Shamann Walton, the president of the board of supervisors, argued in an op-ed within the San Francisco Examiner that banning vehicles was “leisure redlining”; chopping off the park to individuals with disabilities and minorities who don’t reside close to Golden Gate.

But many individuals consider that even throughout this troublesome time for the humanities — and in a metropolis identified for its vibrant arts scene — the priorities in a post-Covid world have turn into clear. David G. Miles Jr., a roller-skater who has been pushing to ban car site visitors from the park for 40 years, stated he doubted vehicles would ever return, irrespective of how a lot the museums object.

“Individuals need the park closed to automotive site visitors,” he stated. “There’s an vitality that’s stronger than it’s ever been. You may combat all of it you need, however I believe they’ll lose this. The individuals need this.”

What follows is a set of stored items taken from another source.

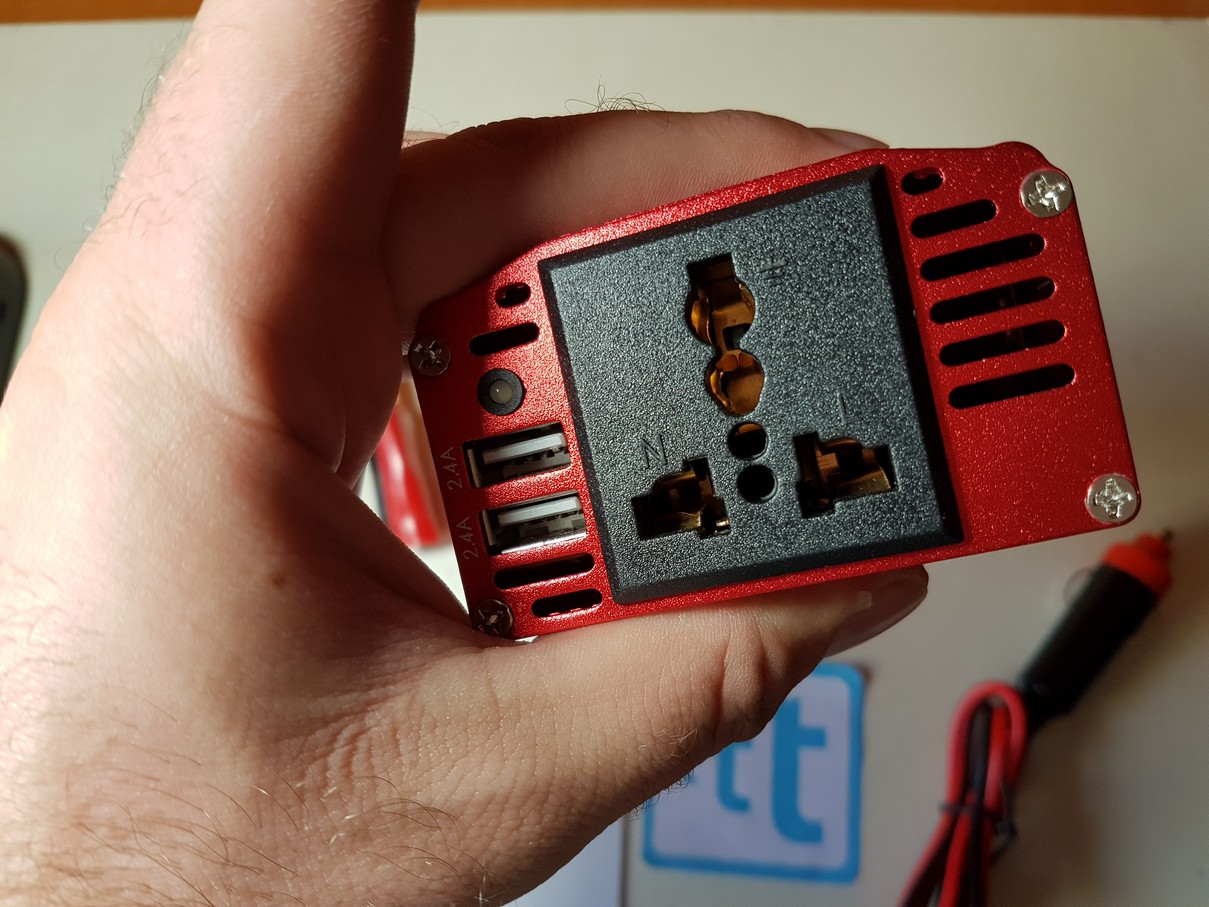FUNZIONAMENTO Il capitolo più importante è probabilmente questo: il prodotto funziona alla perfezione e ci ha permesso di ricaricare tranquillamente il nostro notebook in viaggio… ma tenete ben a mente una cosa: avete solo 150W a disposizione e con una potenza di picco molto bassa! Niente quindi prodotti “strani” o il prodotto andrà in protezione spegnendosi fino al suo raffreddamento. In particolare abbiamo testato il prodotto con un saldatore a stagno da 100W e non è riuscito a farlo funzionare.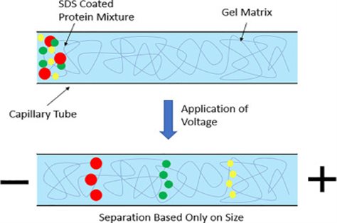 CE-SDS是一種在變性條件下檢測蛋白純度的方法,方法原理與SDS-PAGE(十二烷基硫酸鈉聚丙烯酰胺凝膠電泳)類似,與SDS-PAGE相比,CE-SDS是以高壓直流電場為驅(qū)動力,以彈性石英毛細(xì)管為分離管道,毛細(xì)管內(nèi)先填充凝膠,此時(shí)凝膠會在毛細(xì)管內(nèi)形成分子篩,樣品依分子量的大小在毛細(xì)管內(nèi)移動速度不同而進(jìn)行分離,能夠有效減少組分?jǐn)U散,所得峰型尖銳,分離效率高。因此,CE-SDS具有上樣量小、通量大、分辨率高、重復(fù)性好、可精確定量抗體降解碎片等優(yōu)點(diǎn),用于還原和非還原單抗藥物的純度分析,免去了復(fù)雜的人工操作,在還原模式中還可以實(shí)現(xiàn)非糖基化重鏈(NGHC)的精確定量。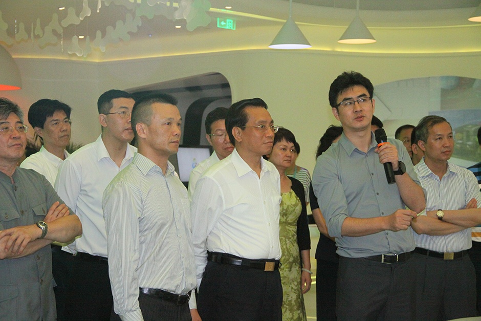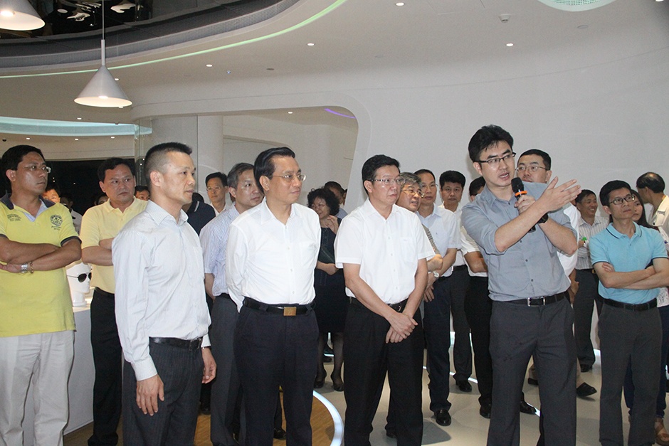 三诺集团副总裁刘志强、蓝筹科技总经理乔峤陪同陈市长一行参观智慧生活创想馆未来教室,对三诺开发的智慧教育平板赞赏有加。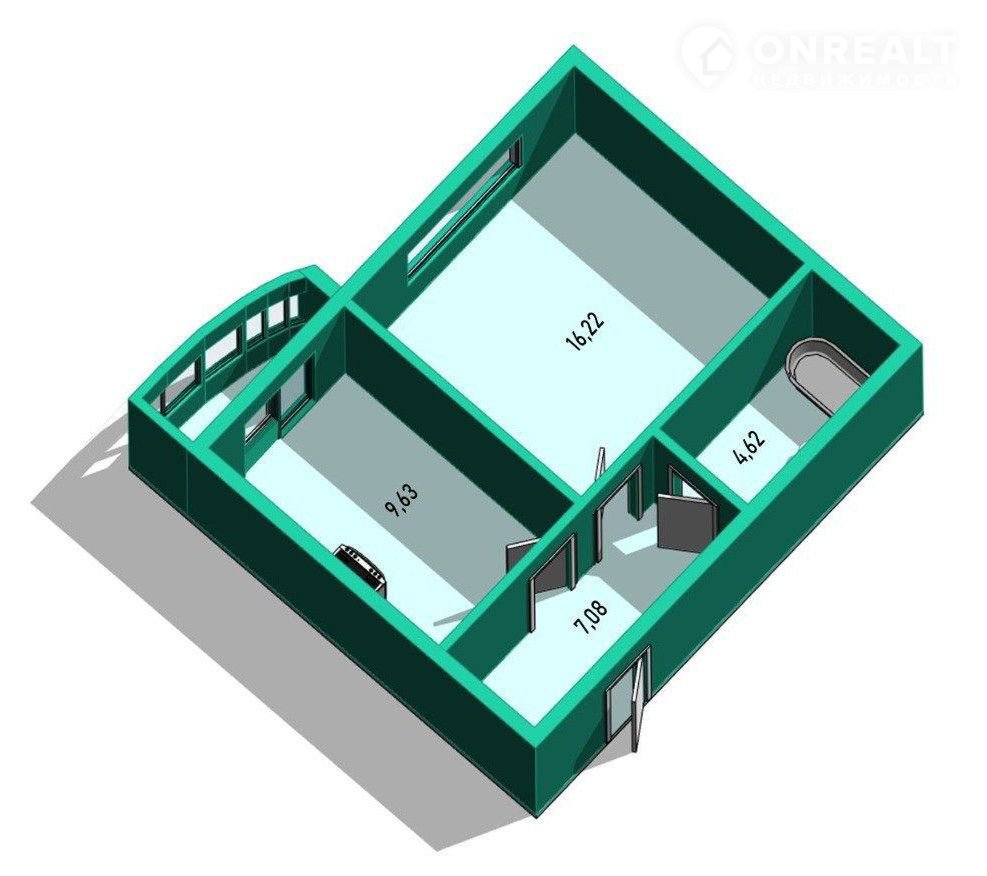 Общая площадь квартиры составляет 40 кв.м. с учетом площади лоджии. Кухня-столовая 10 кв.м. с выходом на лоджию 2,5 кв.м., жилая комната 16,2 кв.м., санузел 4,6 кв.м., прихожая 7,1 кв.м. Квартира для уютного и комфортного проживания. Расположена на 1 высоком этаже. Юго-западная сторона света.

Campbell, who beforehand served as director of the Metropolitan Museum of Artwork in New York till he was pressured to resign within the face of stress from trustees and employees, stated he had been unprepared for a way fraught this combat would turn into.

“It is a very political metropolis,” he stated. “There are some very highly effective lobbying teams just like the bike coalition. We don’t really feel that our standpoint is being taken into consideration as metropolis establishments.”

The board of supervisors, which can make the ultimate resolution on the street later this 12 months, has requested for extra examine of the problem within the face of excessive feelings on either side, however notably from Golden Gate denizens who’ve been preventing this battle for many years.

“They’re much less skilled at advocacy and the sort of civic engagement than the bicycle coalition and the opposite teams of activists who’re pushing for a car-free J.F.Okay. Drive,” stated Gordon Mar, a member of the board of supervisors whose district abuts the park. “The management of establishments just like the de Younger and the Academy of Sciences don’t interact in native policymaking and political efforts as a lot as the folks on the opposite facet.”